By Roberta Attanasio
Stress and anxiety are part of life — but while a little bit of stress (good stress) may keep us active and alert, and sometimes even motivate us, the long-term type (bad stress) can have negative effects on our health. Elevated blood pressure and heart disease are just some examples of the so-called “stress-related diseases”. In addition, chronic stress increases the risk of developing depression.

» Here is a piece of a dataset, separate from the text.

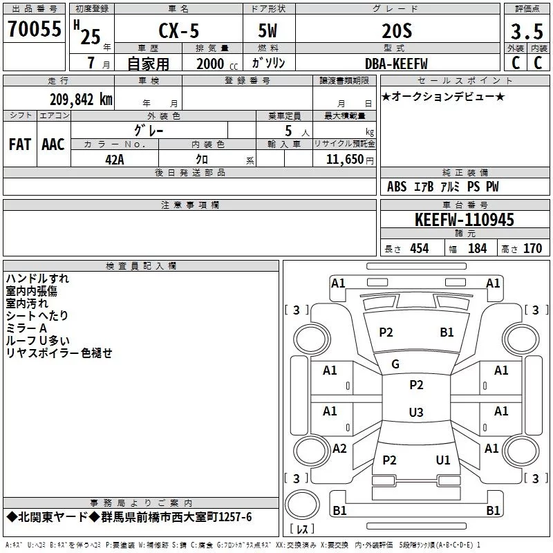 Mazda CX-5 с аукциона Японии TAA Kanto лот № 70055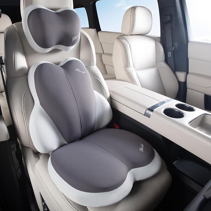 - Pain Pressure Relief, Enhanced Comfort: Enjoy all-day comfort with our office chair lumbar support seat cushion and headrest neck pillow kit. FLORICH neck and lumbar support pillow seat cushion is ergonomically designed to reduce discomfort in the lower back, tailbone, sciatic nerve, and stiff neck. It makes you feel comfortable in long distance driving or long sitting.

Scientists have known for many years that stress, anxiety and depression are linked to the inflammatory response — our first line of defense against infectious microbes. The link is provided by some of the chemical messengers, or cytokines, involved in this response. Patients with major depressive disorder and post-traumatic stress disorder produce higher levels of the cytokine interleukin 6 (IL-6). Is depression responsible for the increased cytokine levels, or are the increased cytokine levels responsible for the development of depression? Results from a new study published in the scientific journal Proceedings of the National Academy of Sciences (November 11, 2014) help to answer this question.
The study (Individual differences in the peripheral immune system promote resilience versus susceptibility to social stress) was carried out by researchers at the Icahn School of Medicine at Mount Sinai (and their collaborators), using mice exposed to social stress. The researchers measured levels of IL-6 in mice prior to and after exposure to “repeated social defeat stress” and stress induced by witnessing the defeat of another mice. In experiments that involve repeated social defeat stress, non-aggressive mice are repeatedly subjected to bouts of social defeat by a larger and aggressive mouse placed in the same cage. In experiments based on stress induced by witnessing, mice watch another mouse face a larger, more aggressive mouse through a clear divider — this type of stress is considered purely emotional. When exposed to social stress, some of the non-aggressive mice, the so-called susceptible mice, develop a clear depressive-like syndrome, which is characterized by long-lasting deficits in social interactions. termed “social avoidance” — mice prefer to spend more time near an empty cage rather than near another mouse.
The researchers found that IL-6 levels are higher in mice more susceptible to stress than in unstressed mice or in mice more resilient to stress. They also found that, in stress-susceptible mice, numbers of white blood cells that release IL-6 are higher than numbers in control groups. Moreover, the researchers found increased levels of IL-6 in two separate groups of human patients diagnosed with treatment-resistant major depressive disorder, thus validating the results obtained with mice.
In additional experiments, the researchers transplanted a group of mice with white blood cells lacking IL-6, and treated another group of mice with antibodies that block the production of IL-6. Then, they exposed the mice to stress. Their findings show that, in both groups of mice, the development of social avoidance is reduced, suggesting that the emotional response to stress can be generated or blocked by IL-6. Together, results from the study indicate that the levels of IL-6 produced prior to stress exposure may be responsible for susceptibility or resilience to social stress. In other words, increased IL-6 levels may drive the development of depression.
Scott Russo, the leader of the research team, said in a press release: “Interleukin-6 could be a risk factor for the development of depression in vulnerable individuals. We believe our studies could have significant impact on the development of new antidepressant therapeutics that inhibit IL-6, which may reduce stress-induced relapse in patients with major depressive disorder.”
In their paper, the researchers point out that the differences between stress-susceptible and stress-resilient mice are not genetic and might be due, instead, to environmental factors.